A G2 (high) action is one where exactly one consequence dimension scores high, or two score medium. LoopRails grades every agent action on three axes — reversibility × blast radius × stakes — and the highest axis sets the grade. So a git push is G2 because it touches shared state and is hard to reverse; sending an internal Slack message is G2 because the blast radius is your team; spending $40 inside a $200 budget is G2 because real money moves. None of these is catastrophic (that would be G3 — irreversible and external-or-severe, like deploying to prod or paying a vendor), but none is free either.

The default LoopRails mode for G2 is L3–L4: confirm-before with a real preview, or plan-approve for multi-step work. But "default" is not "answer." The right design for a G2 action depends entirely on whether a human can actually catch the mistake in time. That is the whole point of this page.

One caveat before anything else: grade by real reversibility, not by whether your tool has an "undo" button. Checkpoint/undo usually covers an agent's structured edits but not shell side effects — a Bash command that deletes files is G2–G3 even if your editor can rewind. This is the shell-boundary trap [A-4].

Is a human in the loop the answer here? It depends — and that's the whole point.

LoopRails refuses the binary question "should there be a human in the loop?" and replaces it with two independent axes (framework.md §1):

  • Consequence — how much oversight is warranted (reversibility × blast radius × stakes). For a G2 action this is, by definition, meaningful.
  • Controllability — how much oversight can actually be effective. Can a person detect the problem from what's surfaced and correct it in time?

For a G2 action the consequence axis is fixed at "high enough to care." The controllability axis is the swing variable, and it decides everything:

If controllability is HIGH — a human can realistically catch the mistake in time — then a human gate genuinely works. Invest in it. A git push where the developer reads a clear, focused diff, sees the failing test, and rejects: that is real oversight. Detectability is high (a diff is verifiable), and there is time to act before harm lands. Build the gate, and build it well.
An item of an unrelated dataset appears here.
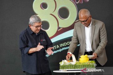 Direktur Utama Perum LKBN ANTARA, Akhmad Munir (kanan) memotong tumpeng disaksikan Ketua Dewan Pengawas Perum LKBN ANTARA Kemal Gani (kiri) saat perayaan HUT ke-86 Perum LKBN ANTARA di Wisma ANTARA B, Cikini, Jakarta, Rabu (13/12/2023). ANTARA/Khafie/YU
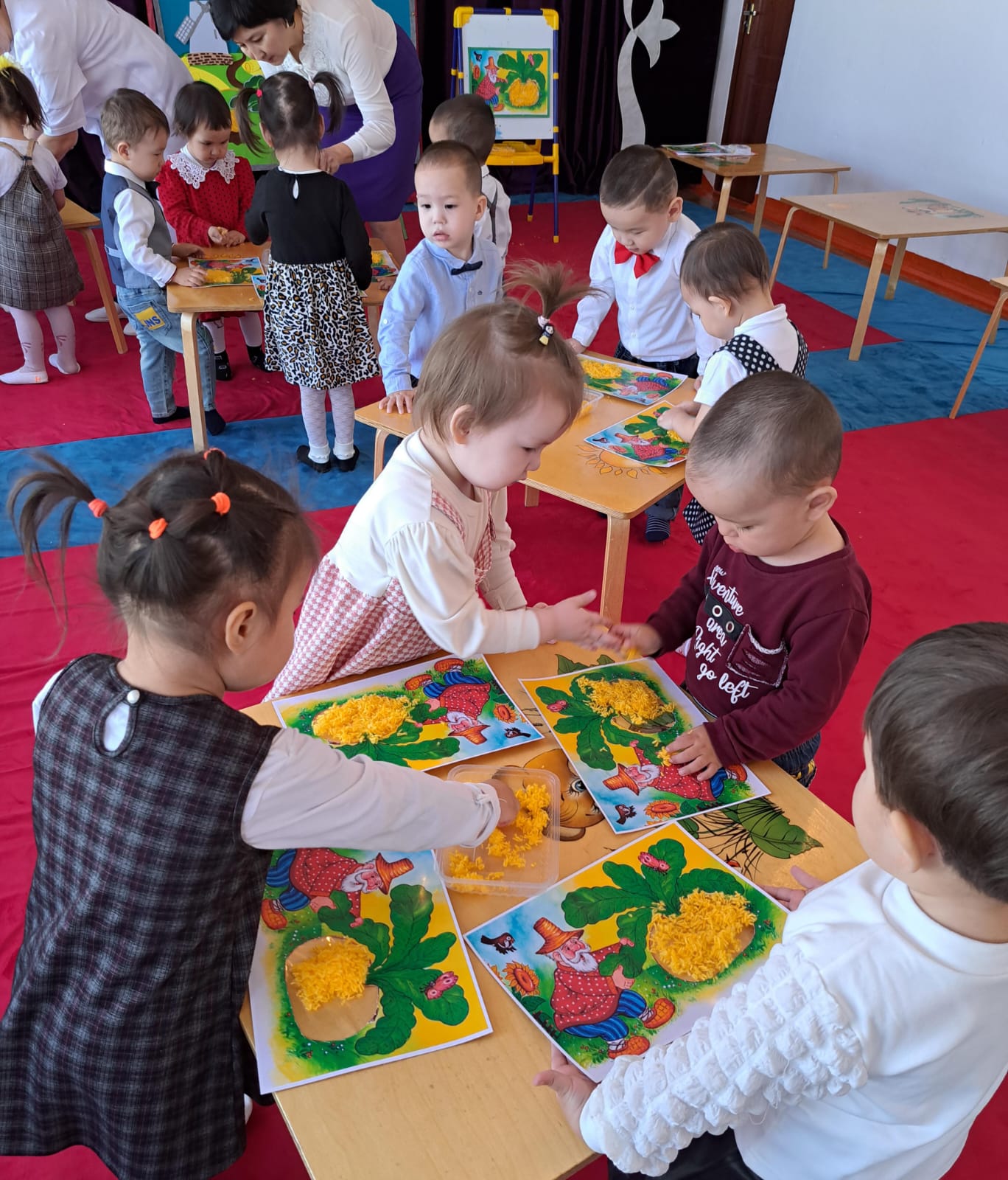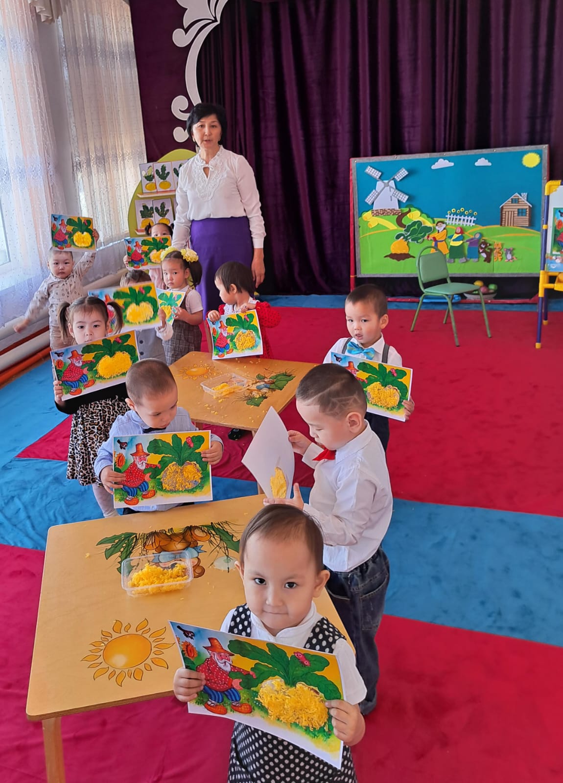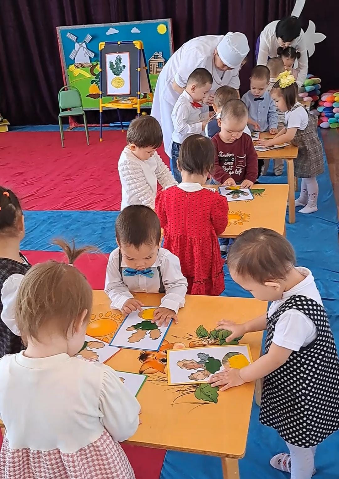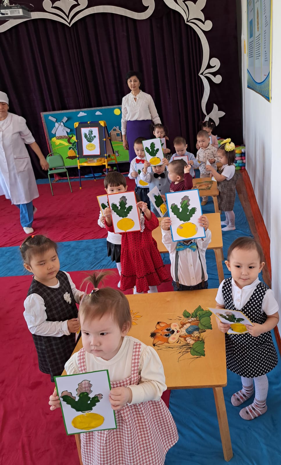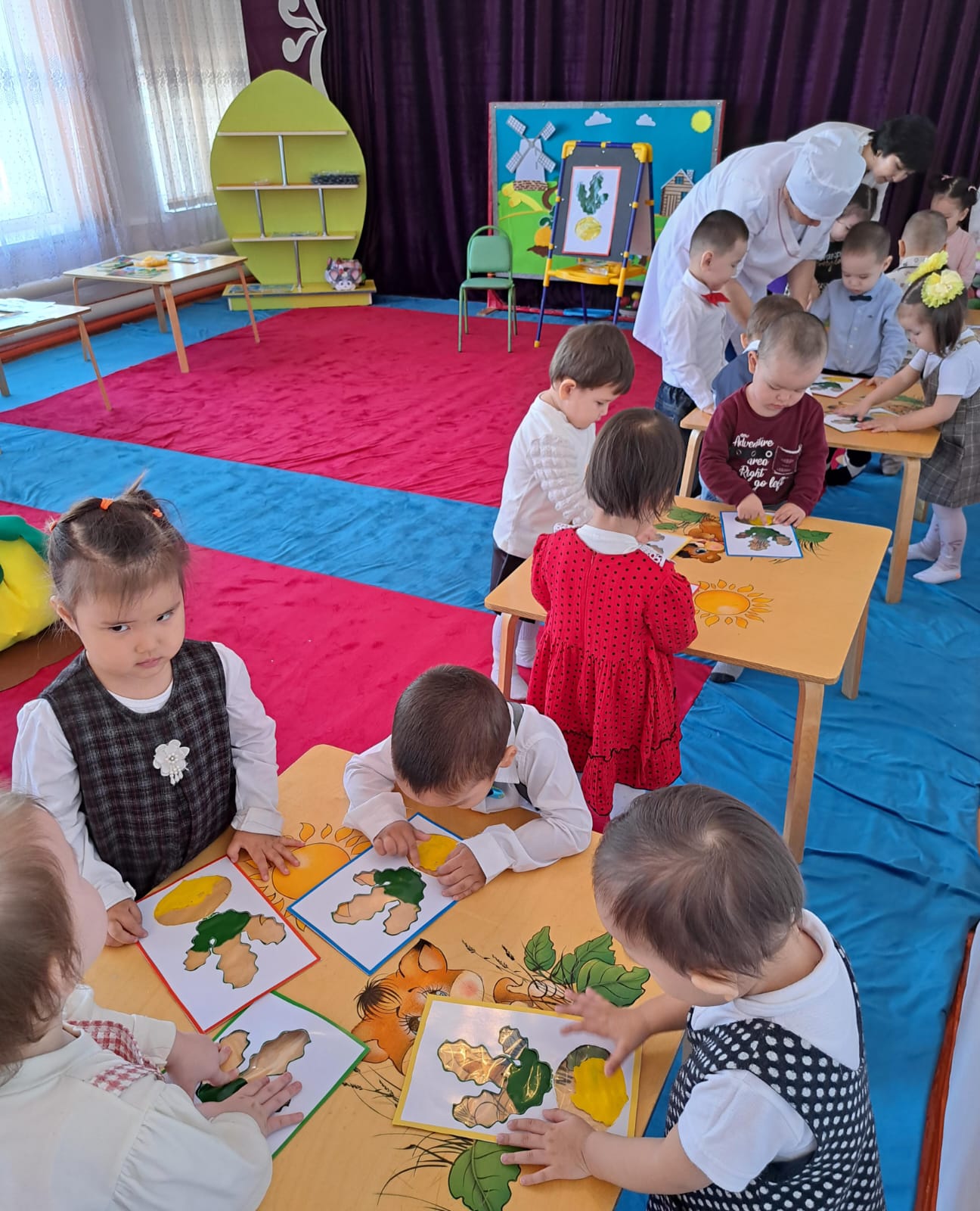 Ашық іс - əрекетін ұйымдастыра отырып, тəрбиеші балалардың коммуникативтік, шығармашылық дағдыларын дамытты. Тəрбиеші іс - əрекетті ойын түрінде ұйымдастырып, "Көлеңкесін тап","Шебер қолдар", ойындары арқылы барлық тапсырмаларды жақсы орындатып, ойындарды қызығушылықпен ойнатып, балалар мен бірге жақсы нəтижеге қол жеткізді.

If controllability is LOW — the human cannot reliably detect or correct in time — then a review step is not safety. It is a rubber stamp and a scapegoat. Two forces guarantee this:

  • The recognition bottleneck [A-17]. In a within-subjects study (n=48) of oversight strategies for computer-use agents, plan-approval cut problematic-action occurrence from ~88–90% down to 60–74% — but once a problem actually surfaced, intervention success stayed at 9–26% across every strategy. Adding a gate reduced bad actions yet barely improved the human's ability to catch one. The failure was not inattention; it was rationalization and normalization — people talked themselves into the agent's answer. This is the exposure-vs-correction gap.
  • Automation bias. Even motivated experts default to shallow review under productivity pressure [A-20] (professional developers, asked how they oversee coding agents, rely on informal heuristics, not systematic verification). A human told to "review the output" rubber-stamps it.

A human placed in a low-controllability loop without the real ability to intervene becomes a moral crumple zone — a liability sponge who absorbs blame for a system they could never actually control. The takeover-time literature is blunt about the "time" half: drivers in automated cars need seconds-to-tens-of-seconds to re-engage [H-19], and disengaged supervisors hit the out-of-the-loop performance problem [E-13]. If there is no time to intervene, the gate is theater.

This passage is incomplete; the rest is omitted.